Clarify goals, constraints, and required inputs before drafting prompts
Start simple and apply progressive disclosure to increase complexity only as needed
Use curated examples (show, don’t tell) and semantic selection to avoid example pollution
Iterate rapidly with A/B tests and automated evaluation on representative inputs
Move stable content to system prompts and version prompts like code
Instrument prompts: track accuracy, consistency, latency, token usage, and user satisfaction

Example use cases

Convert natural language requirements into secure SQL via a templated prompt with few-shot examples
Create a multi-turn conversational assistant with role-based system prompt and modular components
Integrate RAG context with conditional prompt sections to ensure answers cite sources or indicate missing info
Optimize token usage for high-volume APIs by consolidating instructions and caching prefixes
Implement self-verification steps that request confidence scores and revision when checks fail

FAQ

How do I choose the number of few-shot examples?

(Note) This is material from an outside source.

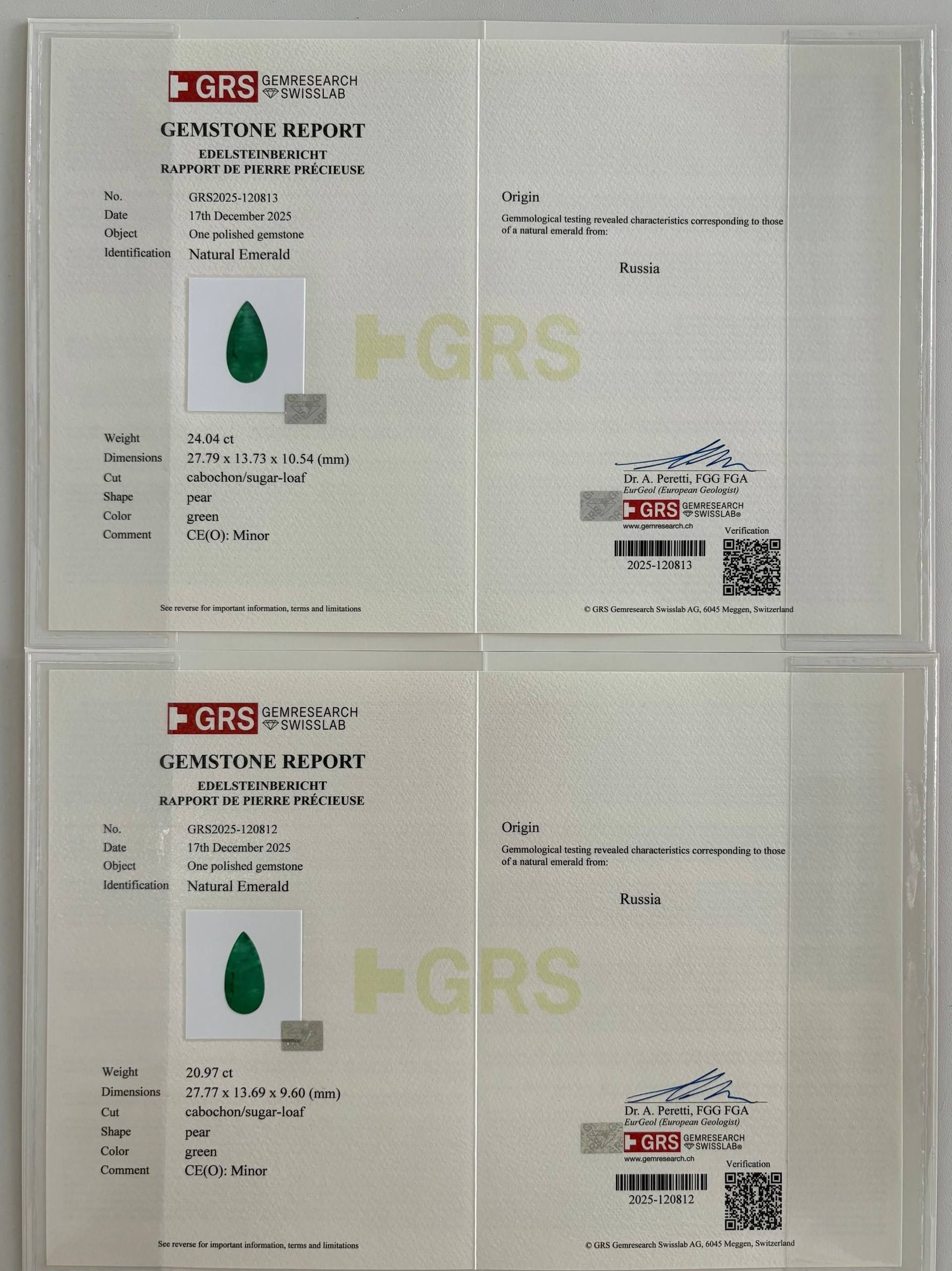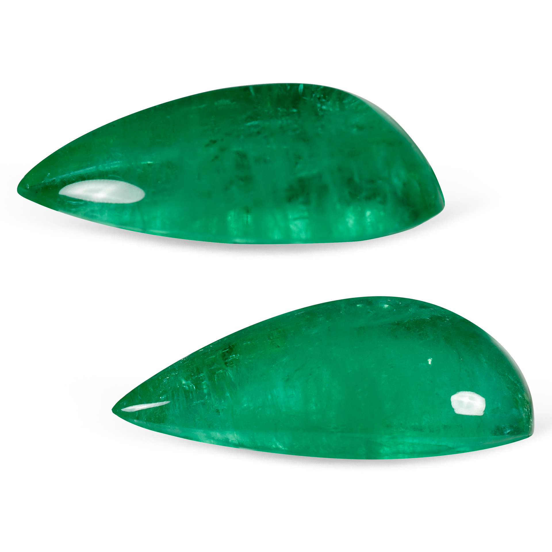 Изумруд весом 24.04 карата привлекает внимание насыщенным зелёным оттенком и каплевидной формой, которая подчёркивает природную красоту камня. Его поверхность обладает лёгкой прозрачностью с характерными внутренними включениями, типичными для уральских изумрудов, что придаёт изделию аутентичность и уникальность. Вторая часть пары — изумруд весом 20.97 карата — гармонично дополняет первый камень, сохраняя общую цветовую гамму и форму, что делает комплект цельным и выразительным.

Balance performance with context window limits: prefer high-quality, diverse examples and cap examples to what fits without exceeding tokens; use semantic selection to pick the most relevant ones.

When should I use chain-of-thought prompting?

Use CoT for complex reasoning tasks that benefit from stepwise traces; combine self-consistency (multiple samples) and verification steps to reduce hallucinations and increase reliability.